In the copy, include no pictures, but reproduce every record exactly.

***

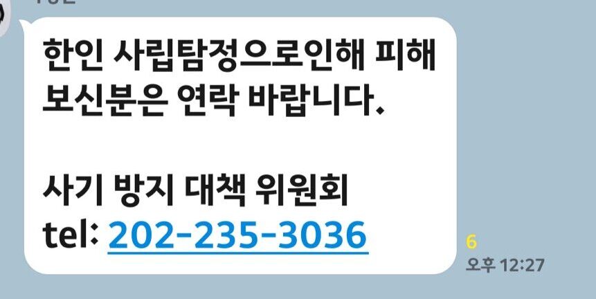 그런데 이 카톡은 지난 9월 24일 ‘미정의(가명)’이라는 이름으로 워싱턴 지역 모 한인회장이 운영하는 단체 카톡방에도 올라왔었다. 아마 어느 한인 사립 탐정이라는 사람으로부터 뜻하지 않은 피해를 당했고 또 다른 유사 피해자들이 많았다는 소문을 듣고 피해자들을 취합하여 집단 소 제기를 하려는 것 같다.
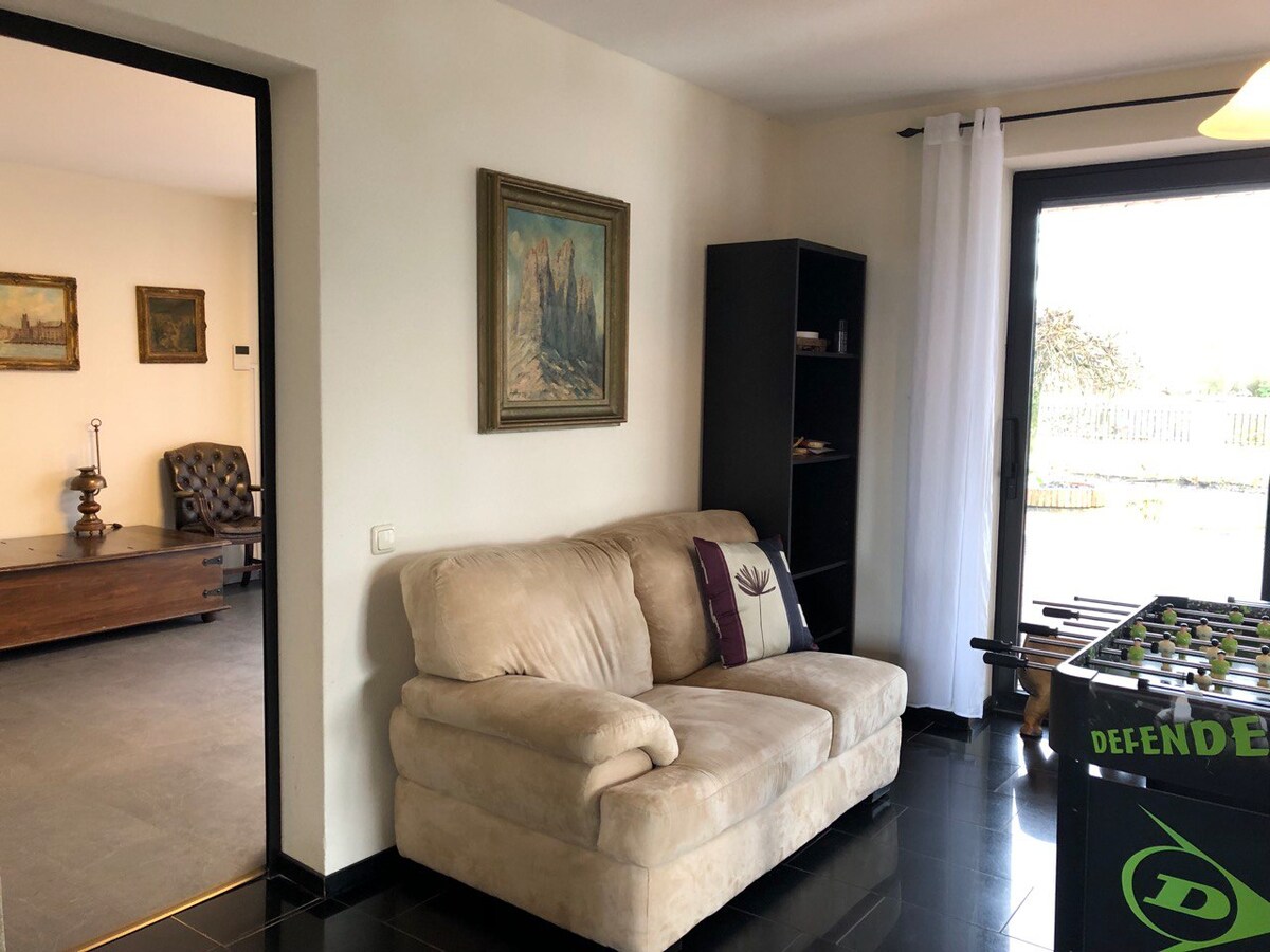 Nähe Stadtzentrum (4 km), Bushaltestelle 150 m. Das Haus liegt sehr ruhig. Du kannst vom Studio aus in ein freies Feld schauen. Komplett eingerichtete Küchenzeile (Spüle, Kühlschrank, Ceranfeld 2 Felder, Schränke). Doppelbett (2m x 1,60 m).Das Studio verfügt über eine Klimaanlage. Für ein Kleinkind haben wir ein Babybett. Meine Unterkunft ist gut für Paare, Geschäftsreisende und Familien (mit Kindern). Wir achten sehr auf die Umwelt: Solarstrom, ProWindgas (grüner Wasserstoff), Mülltrennung…
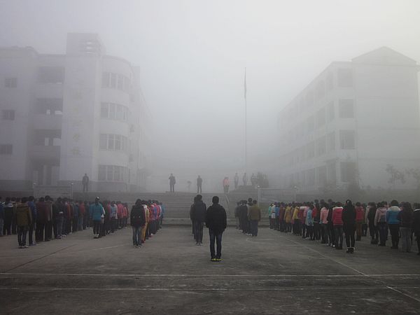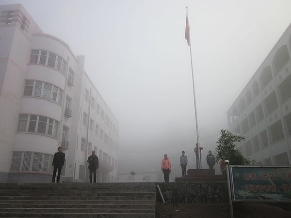 3月9日上午,虽然大雾迷漫,但是山七中心校新学期的第一次升旗仪式如期举行。全体师生立正、肃静,向着缓缓上升的国旗行注目礼,在庄严的仪式中默念着新学期的打算。
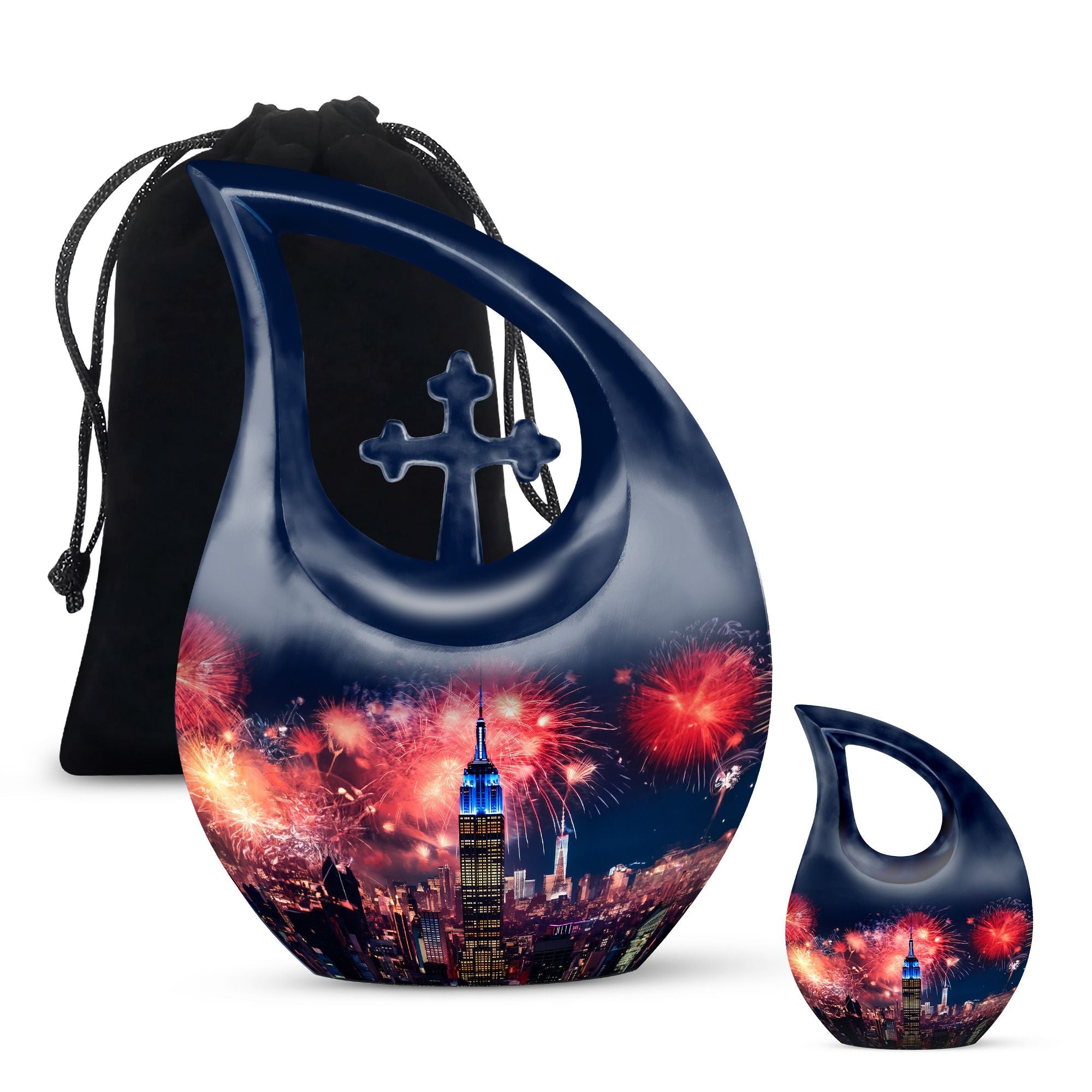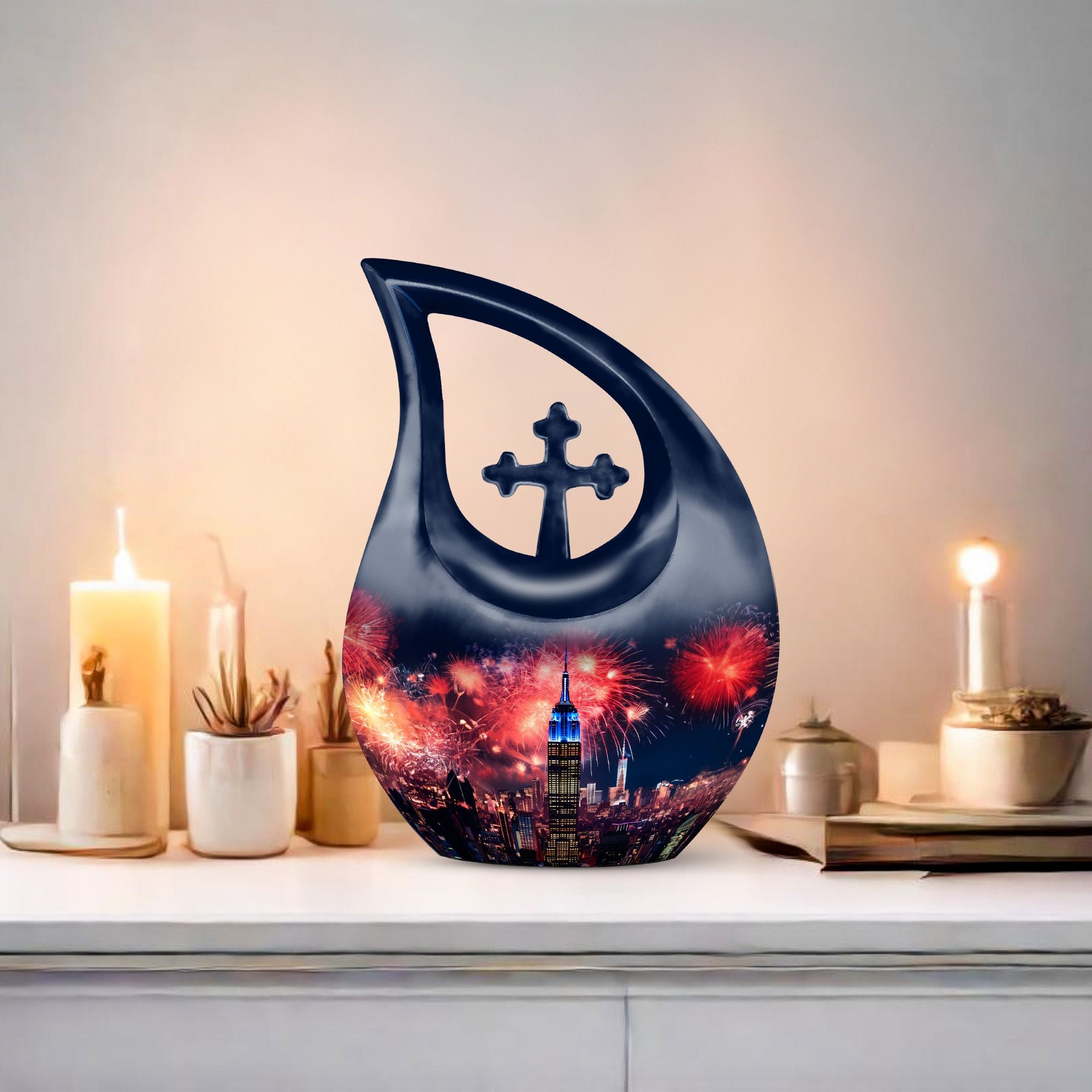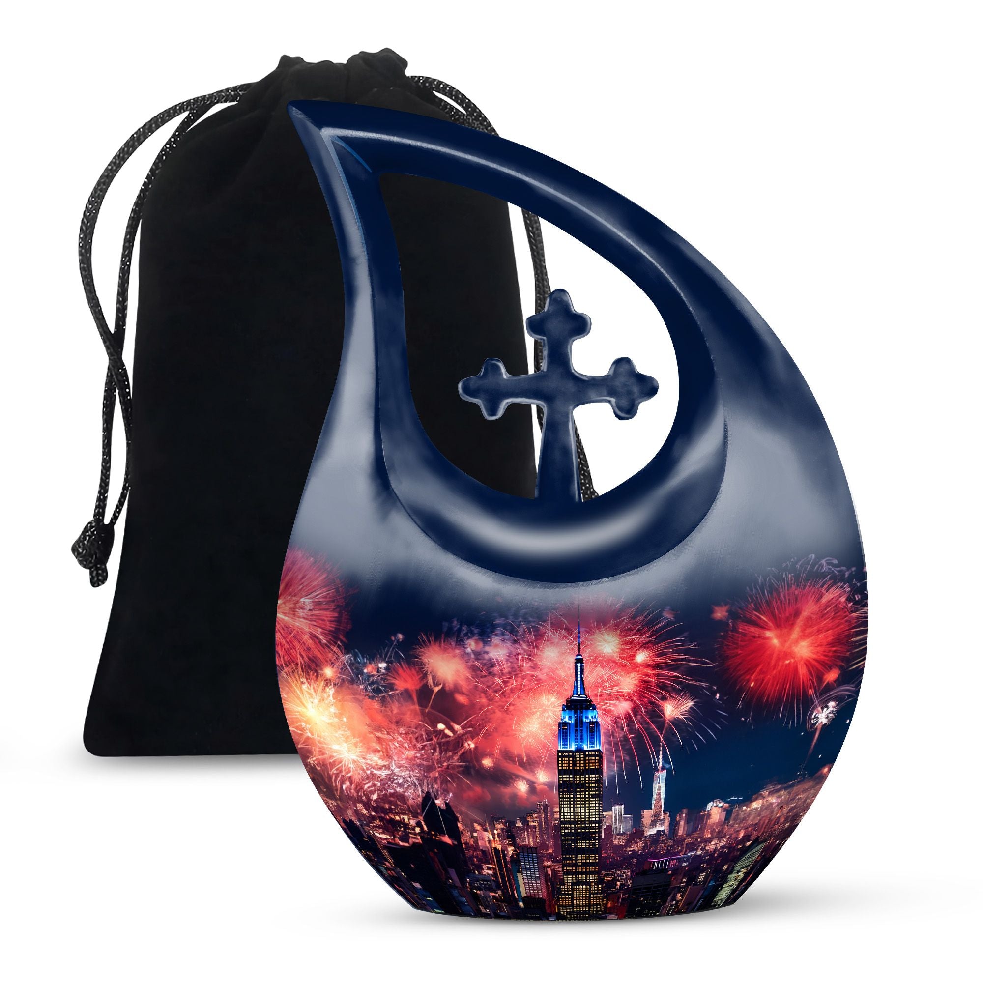 Honor your loved one’s memory with this breathtaking Fireworks Inspired New York Skyline Scenic Urn, a symbol of life, celebration, and everlasting peace. The glowing fireworks over New York’s skyline represent the joy and brilliance of a beautiful soul remembered forever. Crafted to embody dignity and grace, this urn offers comfort and beauty for those seeking funeral keepsake urns or unique urns for ashes that celebrate life’s most cherished moments.
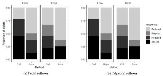 Number of piglets exhibiting each level of (a) Pedal reflex responses and (b) Palpebral reflex responses at 2 and 8 min after application of the thoracic squeeze for each method of application. ‘Excluded’ refers to piglets that did not have their reflexes tested because of low intensity arousals that preceded a discontinuation of the squeeze soon after the testing point or because the squeeze had already been discontinued. ‘Present’ refers to a full limb withdrawal or blink of the eye; ‘Reduced’ refers to a slight limb withdrawal or twitch of the eye; ‘Absent’ refers to no limb or eye responses to reflex testing.
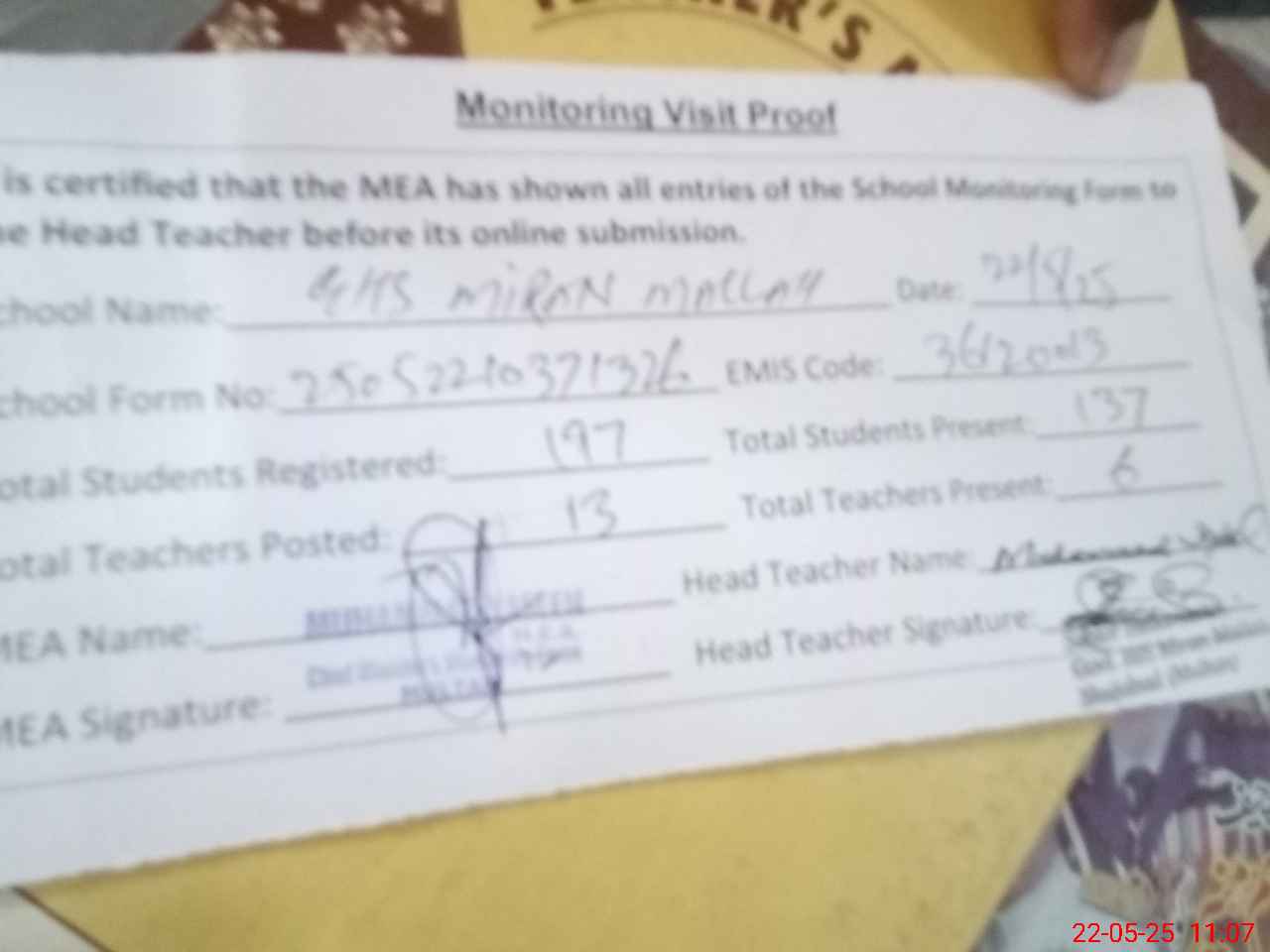 | EMIS Code: 36120013 | Name of School: GHS MIRAN MALLAH SHUJABAD | |||

***

Problem solution:
 그런데 이 카톡은 지난 9월 24일 ‘미정의(가명)’이라는 이름으로 워싱턴 지역 모 한인회장이 운영하는 단체 카톡방에도 올라왔었다. 아마 어느 한인 사립 탐정이라는 사람으로부터 뜻하지 않은 피해를 당했고 또 다른 유사 피해자들이 많았다는 소문을 듣고 피해자들을 취합하여 집단 소 제기를 하려는 것 같다.
 Nähe Stadtzentrum (4 km), Bushaltestelle 150 m. Das Haus liegt sehr ruhig. Du kannst vom Studio aus in ein freies Feld schauen. Komplett eingerichtete Küchenzeile (Spüle, Kühlschrank, Ceranfeld 2 Felder, Schränke). Doppelbett (2m x 1,60 m).Das Studio verfügt über eine Klimaanlage. Für ein Kleinkind haben wir ein Babybett. Meine Unterkunft ist gut für Paare, Geschäftsreisende und Familien (mit Kindern). Wir achten sehr auf die Umwelt: Solarstrom, ProWindgas (grüner Wasserstoff), Mülltrennung…
 3月9日上午,虽然大雾迷漫,但是山七中心校新学期的第一次升旗仪式如期举行。全体师生立正、肃静,向着缓缓上升的国旗行注目礼,在庄严的仪式中默念着新学期的打算。
 Honor your loved one’s memory with this breathtaking Fireworks Inspired New York Skyline Scenic Urn, a symbol of life, celebration, and everlasting peace. The glowing fireworks over New York’s skyline represent the joy and brilliance of a beautiful soul remembered forever. Crafted to embody dignity and grace, this urn offers comfort and beauty for those seeking funeral keepsake urns or unique urns for ashes that celebrate life’s most cherished moments.
 Number of piglets exhibiting each level of (a) Pedal reflex responses and (b) Palpebral reflex responses at 2 and 8 min after application of the thoracic squeeze for each method of application. ‘Excluded’ refers to piglets that did not have their reflexes tested because of low intensity arousals that preceded a discontinuation of the squeeze soon after the testing point or because the squeeze had already been discontinued. ‘Present’ refers to a full limb withdrawal or blink of the eye; ‘Reduced’ refers to a slight limb withdrawal or twitch of the eye; ‘Absent’ refers to no limb or eye responses to reflex testing.
 | EMIS Code: 36120013 | Name of School: GHS MIRAN MALLAH SHUJABAD | |||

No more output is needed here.